INFORMATION SUPPLIED:

□ □ □ □

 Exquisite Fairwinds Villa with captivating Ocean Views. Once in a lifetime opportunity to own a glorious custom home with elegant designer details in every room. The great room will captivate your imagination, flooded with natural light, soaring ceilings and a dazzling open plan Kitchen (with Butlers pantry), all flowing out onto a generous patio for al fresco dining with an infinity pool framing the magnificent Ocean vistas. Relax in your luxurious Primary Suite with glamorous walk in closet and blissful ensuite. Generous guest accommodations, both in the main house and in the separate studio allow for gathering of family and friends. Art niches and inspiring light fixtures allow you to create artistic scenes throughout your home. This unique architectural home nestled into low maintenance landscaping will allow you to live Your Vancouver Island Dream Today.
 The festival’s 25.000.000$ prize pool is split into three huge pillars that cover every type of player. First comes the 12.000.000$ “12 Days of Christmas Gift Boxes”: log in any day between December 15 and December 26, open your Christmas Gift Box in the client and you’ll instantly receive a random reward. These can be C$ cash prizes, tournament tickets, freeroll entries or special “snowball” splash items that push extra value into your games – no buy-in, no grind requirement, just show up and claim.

□ □ □ □

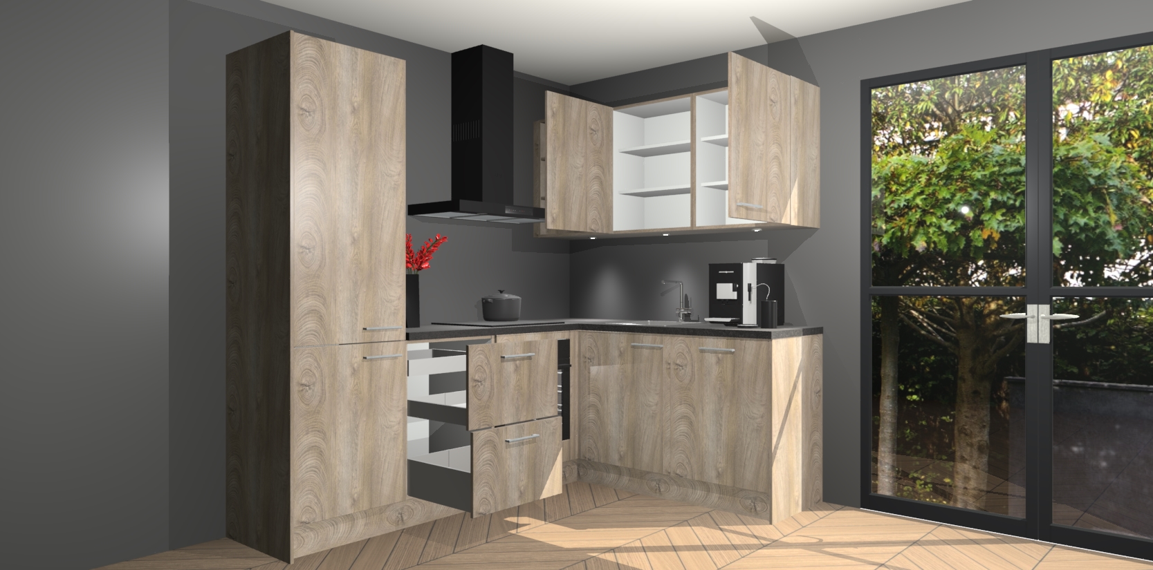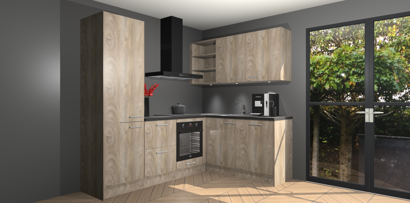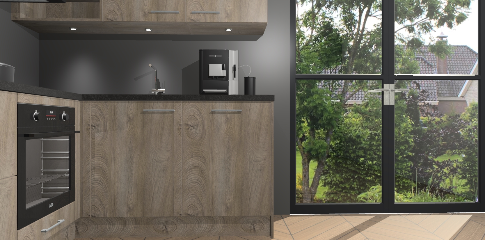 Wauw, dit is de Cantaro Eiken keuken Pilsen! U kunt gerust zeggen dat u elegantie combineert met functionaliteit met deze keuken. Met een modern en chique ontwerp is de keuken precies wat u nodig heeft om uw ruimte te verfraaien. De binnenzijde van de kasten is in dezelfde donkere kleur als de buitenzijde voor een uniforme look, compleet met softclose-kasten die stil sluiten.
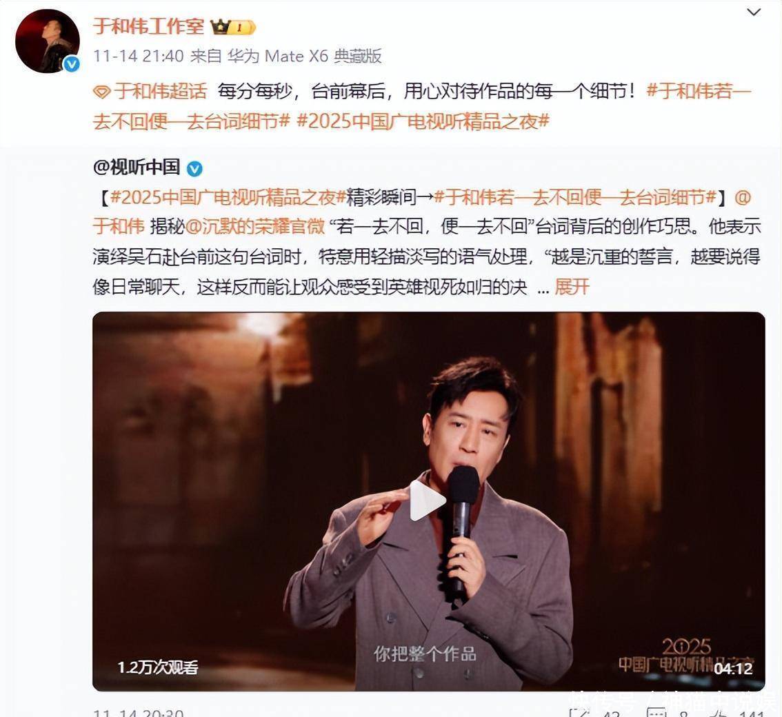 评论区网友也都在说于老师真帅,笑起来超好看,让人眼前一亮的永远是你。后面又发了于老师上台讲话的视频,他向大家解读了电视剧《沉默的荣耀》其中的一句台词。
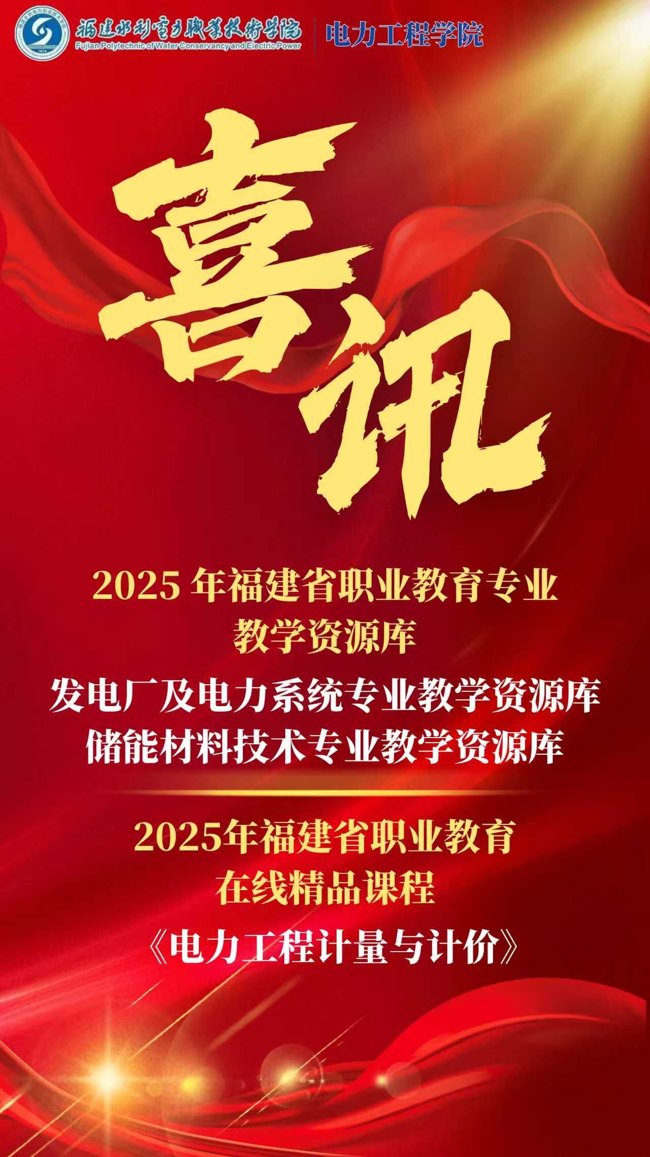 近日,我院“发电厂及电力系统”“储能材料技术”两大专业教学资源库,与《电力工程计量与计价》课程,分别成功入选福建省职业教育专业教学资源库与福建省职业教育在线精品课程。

□ □ □ □

PROBLEM DETAILS: The number of lines in the listing above that contain "into" is all that should be stated.

SOLVED PROBLEM: 2